All of It
Moby-Dick Day 2 | Introduce a symphony. Launch a ship. Grab a reader.
This is the second of what will will be sixty-odd posts about what I’m learning as a writer from Moby-Dick’s weirdly wonderful 135 chapters (plus front and back matter), as I read it aloud along with the writers and readers of The 24-Hour Room every weekday morning, over the course of the Fall. Today’s thoughts are inspired by Chapters 1 and 2, “Loomings” and “The Carpet Bag.”
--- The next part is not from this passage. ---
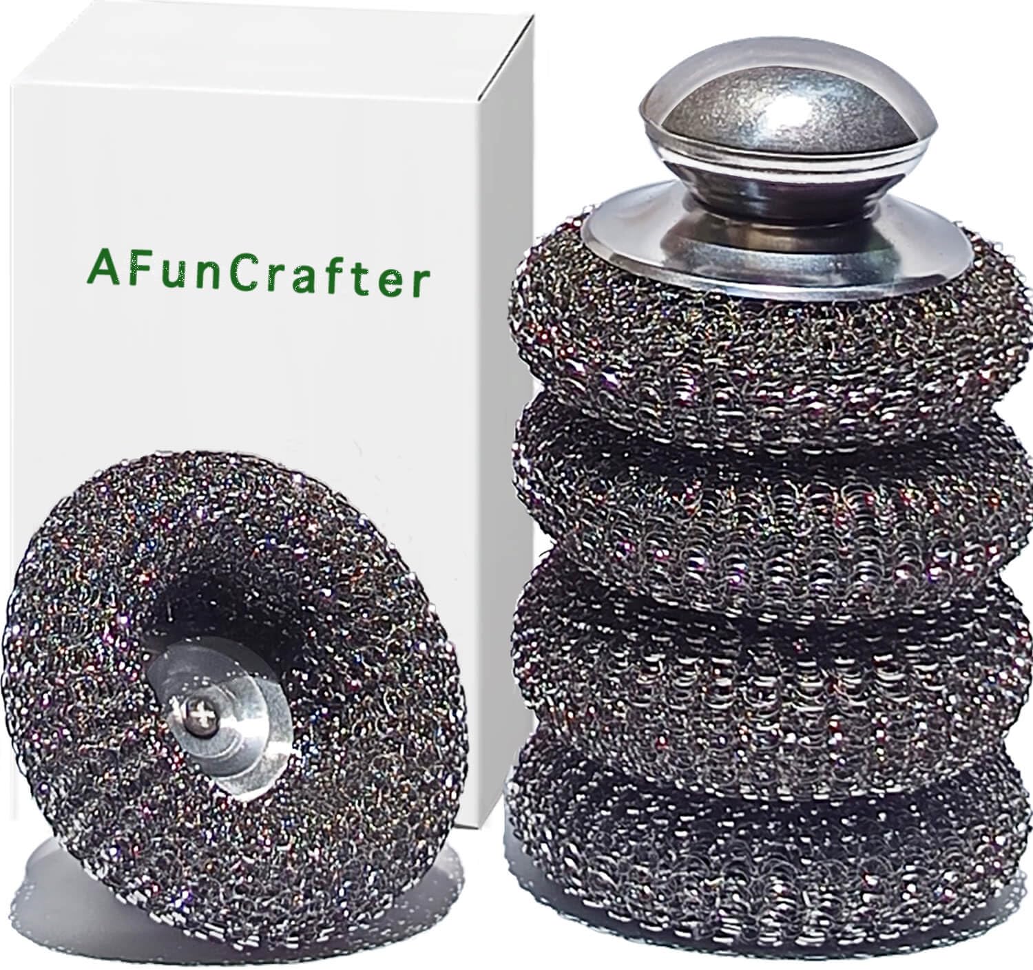 - Packaging Includes: 2 stainless steel wool scrubbers with handles & 3 replacement stainless steel wire sponge pads - durable scouring pads for heavy-duty cleaning

But first, an invitation to writers of fiction, memoir (or anything in between) to participate in novelist and Best American Short Stories contributor Dave King’s upcoming Engines of Narrative workshop on Zoom at The 24-Hour Room, 9 Wednesday evenings, 10/8-12/17/25, featuring craft talks, literary fellowship and the chance to share and receive feedback on up to 45 pages of prose in a small group. Readers of this Substack can enroll for 10% off with discount code SUB-SUB-10
Mood. Voice. Irony. Poetry. Parallelism. The chiaroscuro range of high and low imagery, crass and fancy diction. Humor. Gallows humor. The imperative. The interrogative. The Snow Hill. The Carpet-Bag.
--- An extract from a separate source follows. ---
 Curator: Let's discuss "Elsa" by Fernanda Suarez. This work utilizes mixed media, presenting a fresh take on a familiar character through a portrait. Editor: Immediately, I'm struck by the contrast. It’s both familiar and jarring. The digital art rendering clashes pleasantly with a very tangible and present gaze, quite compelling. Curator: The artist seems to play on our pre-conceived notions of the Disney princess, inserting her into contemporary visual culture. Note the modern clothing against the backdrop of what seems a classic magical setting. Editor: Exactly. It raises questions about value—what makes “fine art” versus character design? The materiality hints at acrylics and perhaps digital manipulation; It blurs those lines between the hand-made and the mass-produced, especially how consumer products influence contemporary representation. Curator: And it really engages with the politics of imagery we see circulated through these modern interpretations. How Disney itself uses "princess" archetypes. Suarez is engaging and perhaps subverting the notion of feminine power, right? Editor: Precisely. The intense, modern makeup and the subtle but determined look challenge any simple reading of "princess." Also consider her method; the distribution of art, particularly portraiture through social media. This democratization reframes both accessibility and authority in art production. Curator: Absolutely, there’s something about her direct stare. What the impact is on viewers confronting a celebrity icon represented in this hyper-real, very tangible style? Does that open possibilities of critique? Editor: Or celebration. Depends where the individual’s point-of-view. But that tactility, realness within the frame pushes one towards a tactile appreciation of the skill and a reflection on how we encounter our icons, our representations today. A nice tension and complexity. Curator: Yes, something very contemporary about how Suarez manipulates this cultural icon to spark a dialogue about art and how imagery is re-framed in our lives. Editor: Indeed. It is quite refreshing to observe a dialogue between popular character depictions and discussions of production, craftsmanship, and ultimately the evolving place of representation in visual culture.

Which of these am I most excited by?
It’s wasn’t clear to me—until I realized that what that grabs me hardest in the opening is the sheer abundance. No single element makes the pages compelling. “Loomings” and “The Carpet-Bag” are a kind of symphony—or an overture to a symphony, really—that presages the grandness and complexity of the whole, the whale, the world, which belongs both to Ishmael and to me, a reader from Brooklyn 174 years after the publication of this strange and marvelous book, at once so postmodern and so old fashioned. Or maybe the better metaphor would be the swarm of “brit”— what we call krill—that Melville extols in Chapter 58 as the foundation of the marine food chain.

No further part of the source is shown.